> **How to complete this task**:
Beginning at the line that contains "Os serviços oferecidos", output each line exactly through the end of the records, and drop any pictures.

*** Begin section ***

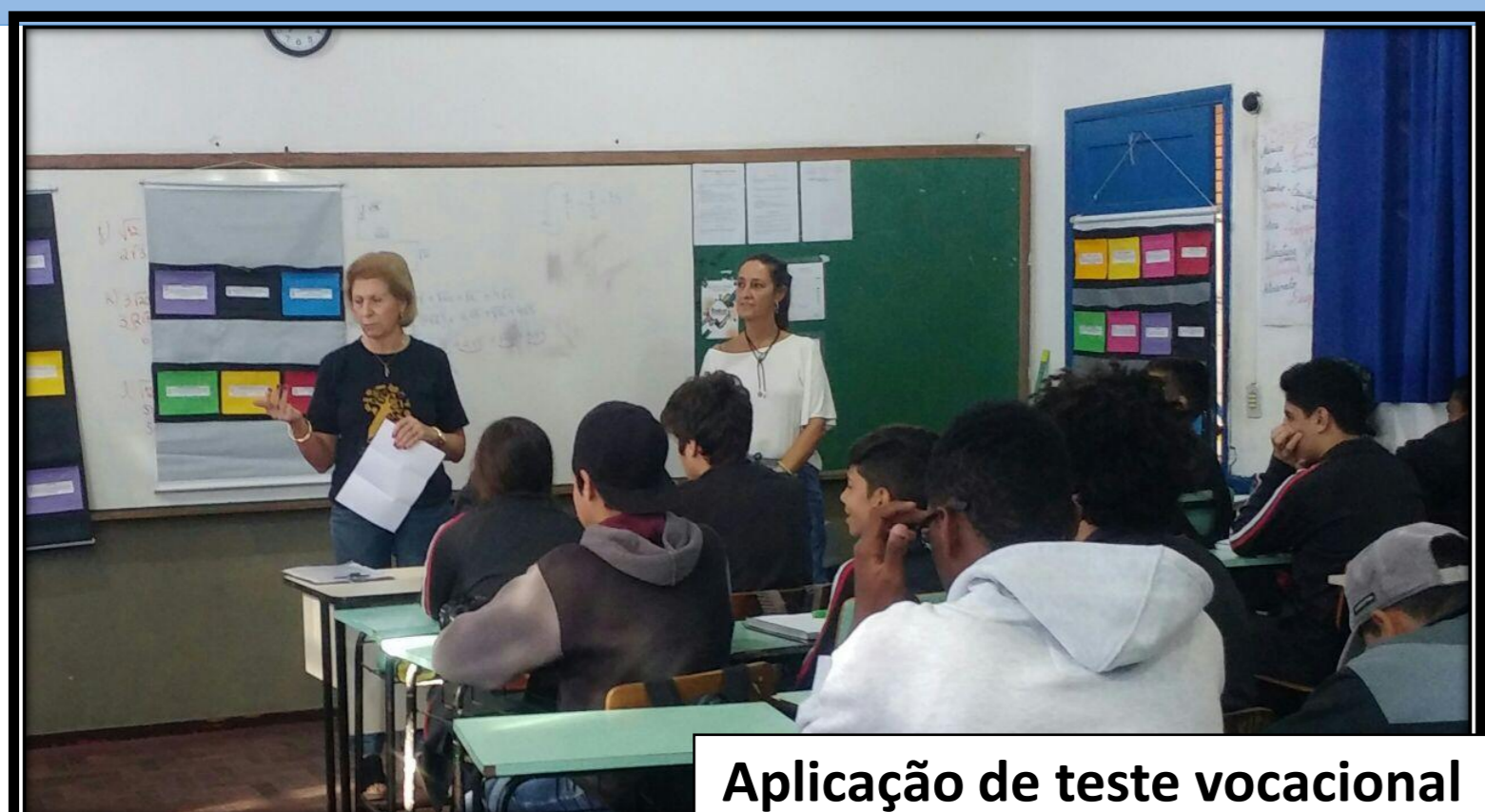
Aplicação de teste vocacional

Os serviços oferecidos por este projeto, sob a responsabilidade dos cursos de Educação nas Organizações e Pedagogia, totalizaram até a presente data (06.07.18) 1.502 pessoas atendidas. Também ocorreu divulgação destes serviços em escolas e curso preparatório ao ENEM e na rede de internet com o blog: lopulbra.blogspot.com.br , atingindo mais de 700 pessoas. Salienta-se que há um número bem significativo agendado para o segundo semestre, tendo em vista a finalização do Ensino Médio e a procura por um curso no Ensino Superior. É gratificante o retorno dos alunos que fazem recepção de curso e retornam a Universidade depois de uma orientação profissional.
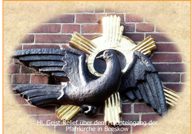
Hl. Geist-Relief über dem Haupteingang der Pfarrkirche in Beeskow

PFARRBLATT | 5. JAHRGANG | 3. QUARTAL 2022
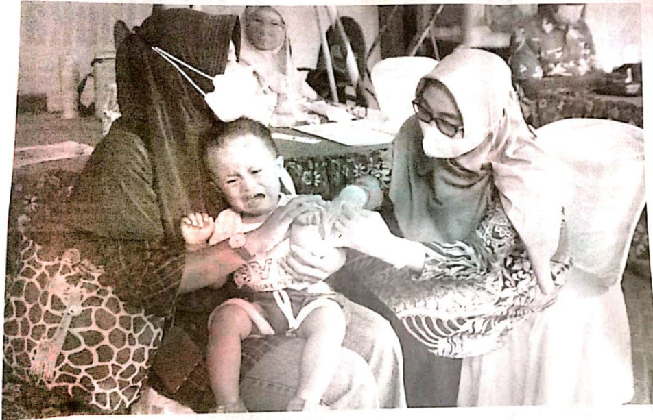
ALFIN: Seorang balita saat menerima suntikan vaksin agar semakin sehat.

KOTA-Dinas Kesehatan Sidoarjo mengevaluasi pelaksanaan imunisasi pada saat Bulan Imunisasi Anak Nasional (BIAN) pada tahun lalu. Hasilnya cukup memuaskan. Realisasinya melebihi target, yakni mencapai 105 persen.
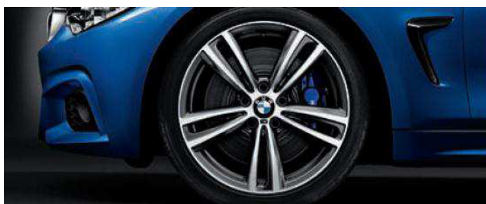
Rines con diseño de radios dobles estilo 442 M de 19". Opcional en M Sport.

*** End section ***

> **Exercise answer**:
Os serviços oferecidos por este projeto, sob a responsabilidade dos cursos de Educação nas Organizações e Pedagogia, totalizaram até a presente data (06.07.18) 1.502 pessoas atendidas. Também ocorreu divulgação destes serviços em escolas e curso preparatório ao ENEM e na rede de internet com o blog: lopulbra.blogspot.com.br , atingindo mais de 700 pessoas. Salienta-se que há um número bem significativo agendado para o segundo semestre, tendo em vista a finalização do Ensino Médio e a procura por um curso no Ensino Superior. É gratificante o retorno dos alunos que fazem recepção de curso e retornam a Universidade depois de uma orientação profissional.
Hl. Geist-Relief über dem Haupteingang der Pfarrkirche in Beeskow

PFARRBLATT | 5. JAHRGANG | 3. QUARTAL 2022
ALFIN: Seorang balita saat menerima suntikan vaksin agar semakin sehat.

KOTA-Dinas Kesehatan Sidoarjo mengevaluasi pelaksanaan imunisasi pada saat Bulan Imunisasi Anak Nasional (BIAN) pada tahun lalu. Hasilnya cukup memuaskan. Realisasinya melebihi target, yakni mencapai 105 persen.
Rines con diseño de radios dobles estilo 442 M de 19". Opcional en M Sport.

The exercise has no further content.